In a recent @TrendsEcolEvo paper, Muff et al. suggested to use the wording "weak/moderate/strong/very strong evidence" instead of binary yes/no p-values. https://www.sciencedirect.com/science/article/pii/S0169534721002846
This article was met by some controversy, such as from @lakens https://www.sciencedirect.com/science/article/abs/pii/S0169534721003414?via%3Dihub , by Hartig&Barraquand https://www.sciencedirect.com/science/article/abs/pii/S0169534722000489?via%3Dihub as well by Amrhein&Greenland https://www.sciencedirect.com/science/article/abs/pii/S0169534722000246?via%3Dihub . In my opinion, Dushoff et al. present a nice alternative - referring statistical clarity https://besjournals.onlinelibrary.wiley.com/doi/10.1111/2041-210X.13159 #Rstats #statistics
@DenisMeuthen @TrendsEcolEvo I regret to say I don't think this last contribution is useful. The correct statement after a non-significant effect is simply 'we can not reject the null'. That is formally correct, and clearer than 'statistically unclear'. The reason I don't like that term is because null effects *can* be statistically clear - just not if you only test against zero. But add an equivalence test, and they can be very clear evidence of the absence of meaningful effects.
@DenisMeuthen @TrendsEcolEvo I do agree (and have made the point myself) that using 'no significant' is not a useful label. But 'we can not reject' is the way to think about tests - after all, that is what they do. They reject values - that don't add 'clarity'. In general, coming up with new language is often not the best approach. Most of this was dealt with adequately more than half a century ago - let's just follow those suggestions, not reinvent the wheel (especially not badly).

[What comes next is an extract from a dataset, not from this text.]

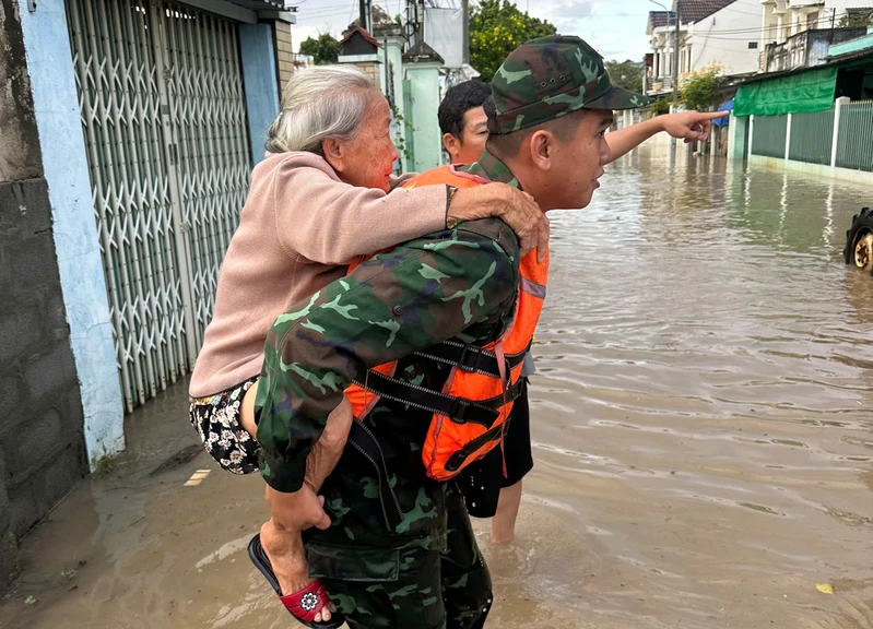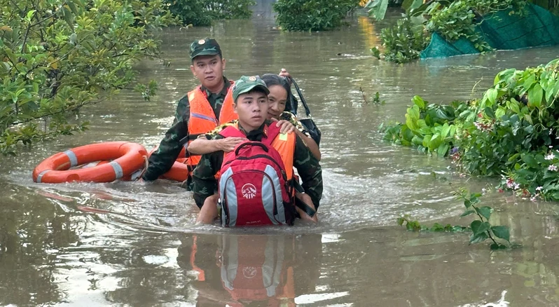 Cán bộ, chiến sĩ có mặt kịp thời tại các khu vực ngập lụt nặng để hỗ trợ sơ tán người dân.

@lakens Thank you for your input. And what kind of wording would you recommend for different p-values so as to not have a standardized binary cut-off at "we can reject the null" at all values of p<0.05?

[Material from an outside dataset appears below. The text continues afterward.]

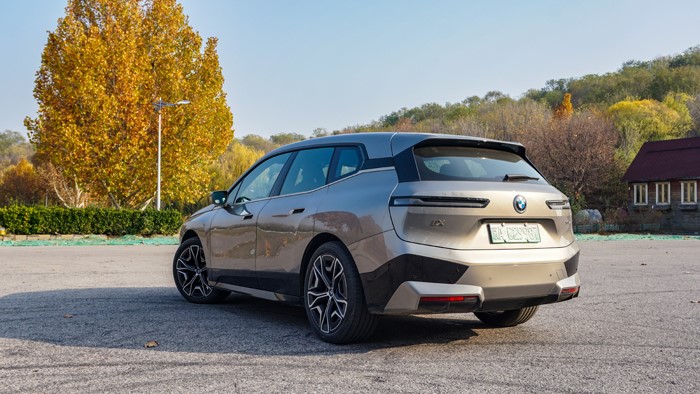 車門玻璃下沿使用泰坦金色裝飾延伸至車尾,黑色iX標(biāo)識(shí)鑲嵌在C柱上。整個(gè)車身的設(shè)計(jì)靈感源于經(jīng)過(guò)精細(xì)打磨的巨石,也就是寶馬所稱的“原石切割”。所以可以在車身圓潤(rùn)中透著很多折角線條。

@DenisMeuthen I would not make such a recommendation. I am a methodological falsificationist (Popper, Lakatos) and falsifiability means dichotomous conclusions, and long run interpretations (always do replication studies!). And yes, that feels silly if you get a p = 0.049 vs 0.051 but that is how it is. It even has some uses (see my recent blog posts http://daniellakens.blogspot.com/2022/07/irwin-bross-justifying-005-alpha-level.html). If you want gradual interpretations, I would recommend likelihoods, not p-values.
Irwin Bross justifying the 0.05 alpha level as a means of communication between scientists

This blog post is based on the chapter “Critical Levels, Statistical Language, and Scientific Inference” by Irwin D. J. Bross (1971) in the ...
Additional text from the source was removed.